## Task input
· · · · ·

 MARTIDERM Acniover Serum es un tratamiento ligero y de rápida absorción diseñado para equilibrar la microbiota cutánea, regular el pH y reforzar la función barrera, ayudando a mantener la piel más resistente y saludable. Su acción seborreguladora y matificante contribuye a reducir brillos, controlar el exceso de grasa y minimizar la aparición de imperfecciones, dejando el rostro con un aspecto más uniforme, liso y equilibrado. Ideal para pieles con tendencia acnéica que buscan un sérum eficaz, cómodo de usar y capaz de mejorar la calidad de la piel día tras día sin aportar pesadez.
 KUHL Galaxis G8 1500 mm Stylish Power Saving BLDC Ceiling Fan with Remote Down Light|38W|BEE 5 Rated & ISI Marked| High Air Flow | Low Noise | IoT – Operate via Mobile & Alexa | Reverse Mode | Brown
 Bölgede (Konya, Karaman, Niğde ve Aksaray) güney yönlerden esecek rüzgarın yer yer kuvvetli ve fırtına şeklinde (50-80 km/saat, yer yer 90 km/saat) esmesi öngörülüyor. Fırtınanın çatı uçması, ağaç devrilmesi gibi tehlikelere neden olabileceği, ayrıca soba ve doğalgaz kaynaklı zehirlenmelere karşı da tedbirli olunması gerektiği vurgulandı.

· · · · ·

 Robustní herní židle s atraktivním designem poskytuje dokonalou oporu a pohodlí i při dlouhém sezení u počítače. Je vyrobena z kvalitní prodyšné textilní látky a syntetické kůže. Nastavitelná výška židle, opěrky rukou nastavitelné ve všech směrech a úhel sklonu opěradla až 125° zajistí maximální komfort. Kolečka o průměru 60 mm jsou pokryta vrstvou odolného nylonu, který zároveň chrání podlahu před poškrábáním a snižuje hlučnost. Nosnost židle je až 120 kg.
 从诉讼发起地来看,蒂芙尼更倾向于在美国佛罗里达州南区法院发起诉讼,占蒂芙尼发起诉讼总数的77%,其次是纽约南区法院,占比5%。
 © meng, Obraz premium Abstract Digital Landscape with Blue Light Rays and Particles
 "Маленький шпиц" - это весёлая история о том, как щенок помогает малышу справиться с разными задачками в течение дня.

· · · · ·

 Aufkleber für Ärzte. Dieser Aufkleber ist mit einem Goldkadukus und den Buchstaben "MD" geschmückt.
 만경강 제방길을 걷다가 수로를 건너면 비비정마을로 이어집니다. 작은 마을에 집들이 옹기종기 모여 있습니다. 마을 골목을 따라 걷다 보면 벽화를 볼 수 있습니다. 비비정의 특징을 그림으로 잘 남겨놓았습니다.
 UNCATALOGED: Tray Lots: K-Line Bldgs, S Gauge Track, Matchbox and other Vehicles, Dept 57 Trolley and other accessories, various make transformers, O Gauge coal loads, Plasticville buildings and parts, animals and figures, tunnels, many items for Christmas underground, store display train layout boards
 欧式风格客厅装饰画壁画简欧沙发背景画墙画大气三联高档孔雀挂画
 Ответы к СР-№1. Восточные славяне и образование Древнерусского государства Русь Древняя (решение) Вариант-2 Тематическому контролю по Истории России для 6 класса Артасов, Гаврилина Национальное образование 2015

· · · · ·

## Your goal
Find where the line with "欧式风格客厅装饰画壁画简欧沙发背景画墙画大气三联高档孔雀挂画" sits in the material above, then copy exactly from it through the line with "Ответы к СР-№1.". Add no other line.

## Task result
 欧式风格客厅装饰画壁画简欧沙发背景画墙画大气三联高档孔雀挂画
 Ответы к СР-№1. Восточные славяне и образование Древнерусского государства Русь Древняя (решение) Вариант-2 Тематическому контролю по Истории России для 6 класса Артасов, Гаврилина Национальное образование 2015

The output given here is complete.